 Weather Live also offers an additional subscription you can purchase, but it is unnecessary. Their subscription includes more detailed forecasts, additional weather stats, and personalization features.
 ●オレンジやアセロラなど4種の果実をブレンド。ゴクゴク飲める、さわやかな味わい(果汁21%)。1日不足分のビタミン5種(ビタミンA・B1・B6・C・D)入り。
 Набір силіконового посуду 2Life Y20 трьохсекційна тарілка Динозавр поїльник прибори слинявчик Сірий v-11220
...
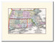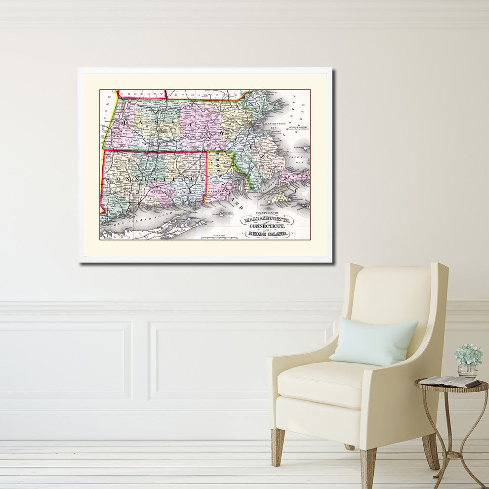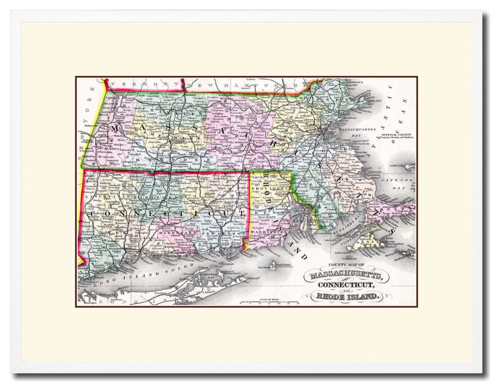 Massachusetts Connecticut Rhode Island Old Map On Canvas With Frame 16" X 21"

> _Exercise details_: Print again the lines of the entries above that fall between the line holding "Weather Live also" and the line holding "Набір силіконового посуду", inclusive, exactly as they stand.

> _Answer section_:
 Weather Live also offers an additional subscription you can purchase, but it is unnecessary. Their subscription includes more detailed forecasts, additional weather stats, and personalization features.
 ●オレンジやアセロラなど4種の果実をブレンド。ゴクゴク飲める、さわやかな味わい(果汁21%)。1日不足分のビタミン5種(ビタミンA・B1・B6・C・D)入り。
 Набір силіконового посуду 2Life Y20 трьохсекційна тарілка Динозавр поїльник прибори слинявчик Сірий v-11220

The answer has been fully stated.